> **What to work on**
The entries below contain a stretch that opens with the line containing "Break #73 |" and closes with the line containing "#みなさん去年の今頃はどんな"; set down that stretch exactly, both ends included, and nothing else.

> **Records for this exercise**

........

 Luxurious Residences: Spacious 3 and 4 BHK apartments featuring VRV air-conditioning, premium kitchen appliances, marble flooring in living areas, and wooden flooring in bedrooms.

........

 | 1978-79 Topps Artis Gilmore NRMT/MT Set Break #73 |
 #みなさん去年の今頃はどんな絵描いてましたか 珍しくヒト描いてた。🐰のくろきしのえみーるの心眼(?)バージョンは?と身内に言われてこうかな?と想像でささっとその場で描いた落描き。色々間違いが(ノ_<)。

........

> **Response area**
 | 1978-79 Topps Artis Gilmore NRMT/MT Set Break #73 |
 #みなさん去年の今頃はどんな絵描いてましたか 珍しくヒト描いてた。🐰のくろきしのえみーるの心眼(?)バージョンは?と身内に言われてこうかな?と想像でささっとその場で描いた落描き。色々間違いが(ノ_<)。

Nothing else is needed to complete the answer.